When the Boston Red Sox won the World Series on Sunday evening, I (born and raised in Massachusetts) read story after story about the victory. Here's a braggadocio sampling from The Boston Globe's male writers:

-- Dan Shaughnessy: "The Boston Red Sox have emerged as hardball monsters of the new millennium."

-- Gordon Edes: "A minute that used to recur like a comet, once (every) 86 years or so and missed by generations of Red Sox fans, is now beginning to feel like a birthright."

-- Bob Ryan, addressing Red Sox fans: "You've got the best baseball team in the world to call your own. There's nothing wrong with just lording it over people."

Nothing wrong on ethical but also factual grounds? Events almost always seem inevitable in retrospect, but in the process, the imitation of life called baseball is regularly up for grabs.

Had Cleveland's third-base coach made a different split-second decision at a crucial point near the end of the Red Sox-Indians series, the seventh and decisive game would have been tied, and all thereafter would have unwound differently.

Even the ninth inning of the last game of the Series yielded only a tiny difference between a Colorado player's long fly ball caught against the wall -- the Rockies' last gasp -- and a game-tying home run. Would a home run only have delayed, not forestalled, the Red Sox's celebration? Probably, but not certainly.

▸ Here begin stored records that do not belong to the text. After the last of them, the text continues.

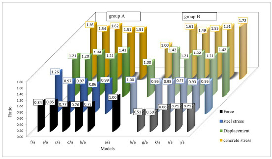 - In group B, by moving openings near to the beam, the strength and stiffness of the wall increase 39% as compared to the central opening and this action does not have any fundamental impact on the steel and concrete stress. Therefore, this model has the best performance in this group, because the opening is near to the diagonal pattern and model g has the worst performance as compared to others due to its opening location.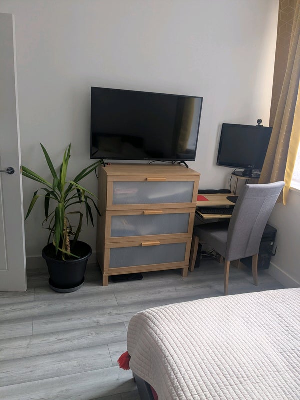 Modern, fully furnished one-bedroom apartment with a large living area and a beautiful kitchenette. All bills included in the price. I can also consider renting just the room for £850. Quiet neighborhood, walk distance to McDonald's and KFC B&M.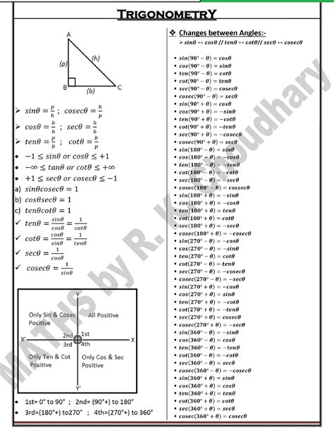 Trigonometry Formula Chart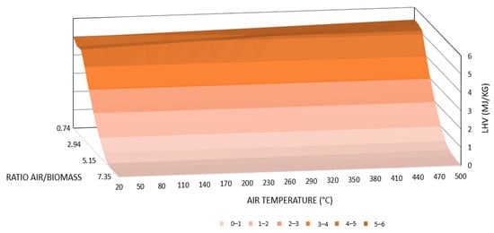 Ratio air/biomass and air temperature as a function of lower heating value (LHV).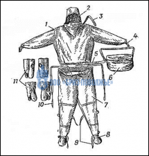 Костюм изготавливается из прорезиненных материалов Т-15 или УНКЛ серого или зеленого цвета соответственно.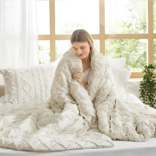 No more waking up drenched in sweat or kicking off heavy covers in the middle of the night. Our comforter is designed to let air flow freely, keeping you cool when it’s warm and cozy when it’s cold.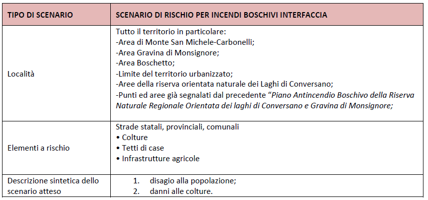Per il comune di Conversano l’analisi del rischio di incendio di interfaccia è stata effettuata secondo i criteri sopra esposti e attraverso l’esame degli stessi scenari già individuati e definiti dal Servizio di Protezione Civile Regionale, anche attraverso la verifica della sussistenza attuale delle caratteristiche di presenza e di tipologia della vegetazione poste alla base dell’elaborazione della “mappa del rischio di incendio di interfaccia”. Si sono, inoltre, integrati i dati e le schede già redatte per il “Piano Antincendio Boschivo della Riserva Naturale Regionale Orientata dei laghi di Conversano e Gravina di Monsignore” ai sensi della normativa vigente e, in particolare, dell’Ordinanza n. 36606 del Presidente del Consiglio dei Ministri art. 1 cm. 6, redatto per il Comune di Conversano nel 2008.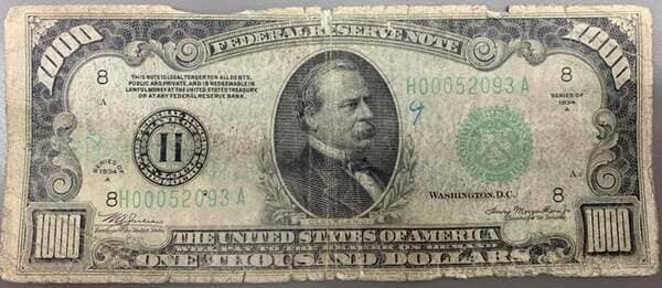 2. «Клиент принес в банк купюру 1934 года номиналом 1 000 долларов»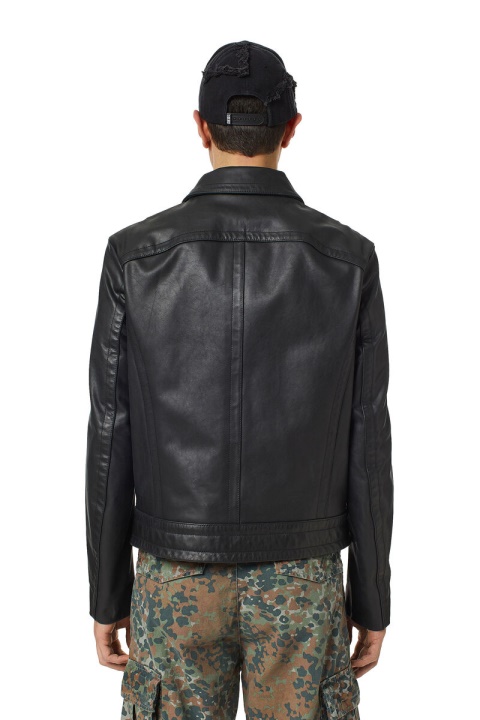 ז’קט עור בכושר רגיל זה כולל צללית נקייה נוסח שנות ה-70. מצויד במספר כיסי רוכסן, הוא מרופד בכותנה מוברשת.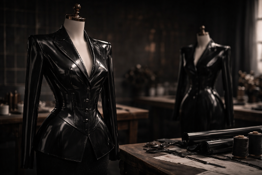 Travailler le latex en couture nécessite une maîtrise totale du geste, de la coupe, de la tension, et du silence.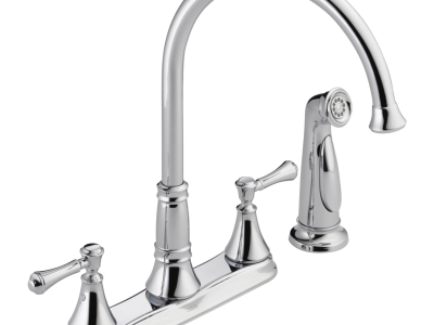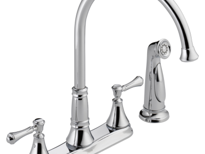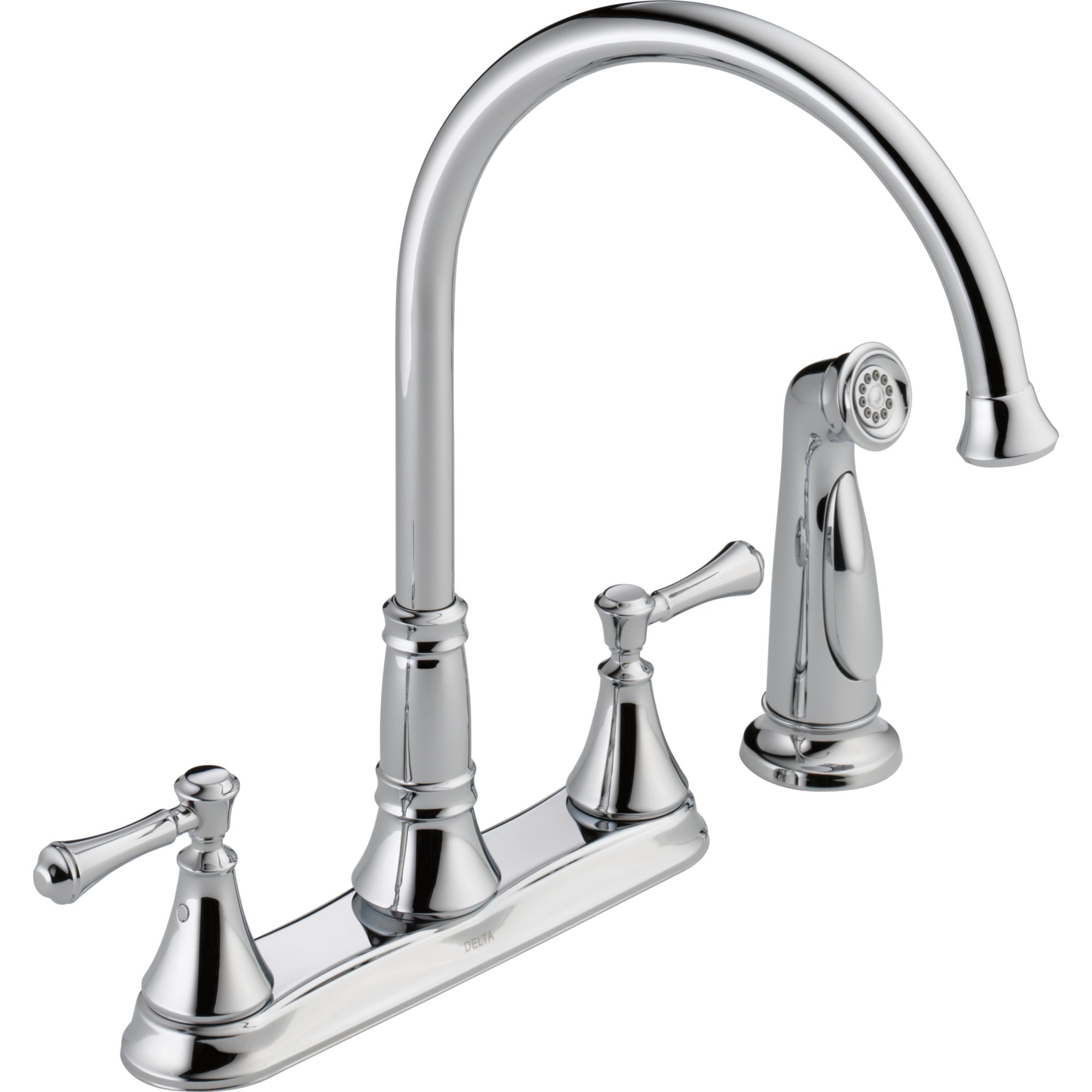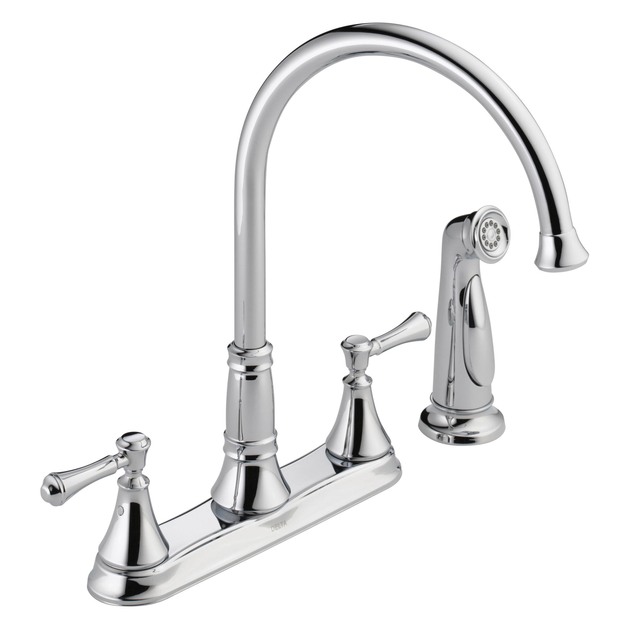 DELTA®, 2497LF, Kitchen Faucet, Cassidy™ Collection, 1.8 gpm Flow Rate, 8 in Center Distance, Swivel Spout, 8-11/32 in Spout Reach, 13-15/16 in Spout Height, Lever Handle, 2 Handles, Side Spray(Y/N): Yes, 4 Faucet Holes, 1-5/16 to 1-1/2 in Faucet Hole, 1/2 in Connection, IPS Connection, 1.84 in Maximum Deck Thickness, Deck Mounting, Euro-Motion DIAMOND™ Seal Valve, Brass, Polished Chrome, Import

So three cheers for the Globe's female baseball reporter, Amalie Benjamin. She was in the Red Sox clubhouse while they were celebrating Sunday evening to record poignant words pouring out amid triumph, words many guys would not think fit to emphasize:

-- Star starting pitcher Josh Beckett, speaking of his teammates: "This is for all the family. I know we spend more time together than with our family." Continued...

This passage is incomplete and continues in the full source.